水戸地裁(前田英子・裁判長、ルビ=えいこ)は、首都圏唯一の原発で11年3・11東日本大震災で被災し、自動停止している日本原電東海第2原発(茨城県東海村)運転を認めない判決を言い渡した(3月18日)。茨城県など9都県の住民224人が運転差し止めを求めた訴訟。「避難計画の不備」を理由に運転差し止めをかちとった歴史的な勝利である。

 水戸地裁前に詰めかけた100人を超える原告、支援者、報道陣の前に「首都圏も守られた」「勝訴」「東海第二原発、再稼働認めず」と書かれた3本の旗。「勝った」「良かった」など歓声に包まれた。事故が起これば首都圏が壊滅するおそれがある老朽化した東海第2原発の再稼働を阻止したのだ。

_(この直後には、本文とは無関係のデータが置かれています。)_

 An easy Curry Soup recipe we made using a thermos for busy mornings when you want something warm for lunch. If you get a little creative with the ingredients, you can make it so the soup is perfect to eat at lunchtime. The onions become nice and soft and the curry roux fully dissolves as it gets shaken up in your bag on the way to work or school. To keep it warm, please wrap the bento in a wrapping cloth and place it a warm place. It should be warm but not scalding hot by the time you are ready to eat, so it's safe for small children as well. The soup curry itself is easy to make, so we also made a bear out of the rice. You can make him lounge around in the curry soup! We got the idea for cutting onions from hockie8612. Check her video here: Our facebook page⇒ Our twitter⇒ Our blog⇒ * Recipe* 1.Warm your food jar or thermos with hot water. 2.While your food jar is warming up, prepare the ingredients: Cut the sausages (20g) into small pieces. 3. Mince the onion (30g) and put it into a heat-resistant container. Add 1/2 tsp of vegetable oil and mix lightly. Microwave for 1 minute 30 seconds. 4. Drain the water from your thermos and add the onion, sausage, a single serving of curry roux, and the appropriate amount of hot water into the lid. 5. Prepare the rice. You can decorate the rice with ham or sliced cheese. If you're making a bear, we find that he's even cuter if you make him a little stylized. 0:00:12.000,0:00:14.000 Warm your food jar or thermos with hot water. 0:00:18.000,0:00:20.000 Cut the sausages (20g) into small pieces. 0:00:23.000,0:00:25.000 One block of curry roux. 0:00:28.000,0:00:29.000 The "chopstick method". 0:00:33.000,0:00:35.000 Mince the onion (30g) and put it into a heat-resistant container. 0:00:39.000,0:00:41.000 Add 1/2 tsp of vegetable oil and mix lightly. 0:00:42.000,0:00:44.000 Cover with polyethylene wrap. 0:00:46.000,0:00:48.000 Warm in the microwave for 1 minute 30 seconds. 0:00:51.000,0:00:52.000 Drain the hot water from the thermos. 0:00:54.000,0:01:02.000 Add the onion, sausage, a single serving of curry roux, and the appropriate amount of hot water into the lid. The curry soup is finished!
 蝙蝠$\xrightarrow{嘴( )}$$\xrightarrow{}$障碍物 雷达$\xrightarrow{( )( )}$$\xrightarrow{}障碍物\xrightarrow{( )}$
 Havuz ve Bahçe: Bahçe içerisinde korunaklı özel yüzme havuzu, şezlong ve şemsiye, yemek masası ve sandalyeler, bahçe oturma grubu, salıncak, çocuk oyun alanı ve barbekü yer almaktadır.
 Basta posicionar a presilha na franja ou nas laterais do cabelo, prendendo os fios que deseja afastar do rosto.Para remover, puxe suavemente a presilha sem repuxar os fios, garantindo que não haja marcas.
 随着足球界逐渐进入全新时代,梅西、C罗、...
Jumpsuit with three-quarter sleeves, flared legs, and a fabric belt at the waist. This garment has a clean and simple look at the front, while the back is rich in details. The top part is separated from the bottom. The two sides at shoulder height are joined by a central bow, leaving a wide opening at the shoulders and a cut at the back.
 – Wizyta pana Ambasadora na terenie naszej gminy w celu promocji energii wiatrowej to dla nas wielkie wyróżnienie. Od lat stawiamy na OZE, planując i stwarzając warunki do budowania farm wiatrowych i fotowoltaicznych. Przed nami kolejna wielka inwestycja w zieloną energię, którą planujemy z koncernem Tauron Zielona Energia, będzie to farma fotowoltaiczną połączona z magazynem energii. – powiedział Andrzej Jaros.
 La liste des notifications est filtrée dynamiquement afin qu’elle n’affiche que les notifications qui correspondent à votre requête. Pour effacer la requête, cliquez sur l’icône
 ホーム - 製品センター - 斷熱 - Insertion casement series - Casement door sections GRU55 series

 水戸市内での報告、記者会見では河合弘之弁護団長が、「今回の勝利は原告団の結束の結果。『避難できない』として再稼働を止めた原発裁判史上初の勝利。全国の反原発訴訟に水平展開できる」と発言。元東海村村議・原告団共同代表の相沢一正さんは「永年訴え続け、危険性がやっと認められた」と声明(4面に掲載)を読み上げた。海渡雄一弁護士らの発言の後、ガンバロー三唱。その後、伊方山口裁判の報告会場とリモートでエール交換した。

▽避難計画に実効性なし

 海渡弁護士は、「判決は、原子力災害重点区域内の住民94万人が避難できる計画や態勢は整えられていないとして、区域内に居住する原告には、人格権侵害の具体的な危険があると判断が示された」「人口の密集地でもあり、現実に立案が難航していることも丹念に認定、複数の避難路が確保できていないことなども、具体的に指摘している」「判決では原発の安全性には多くの疑問符がつけられ、重大事故が起こらないという保障はないという判断に。最後の頼みの綱ともいえる避難計画に実効性がないと、原告側の勝利に。画期的な判決だ」と述べた。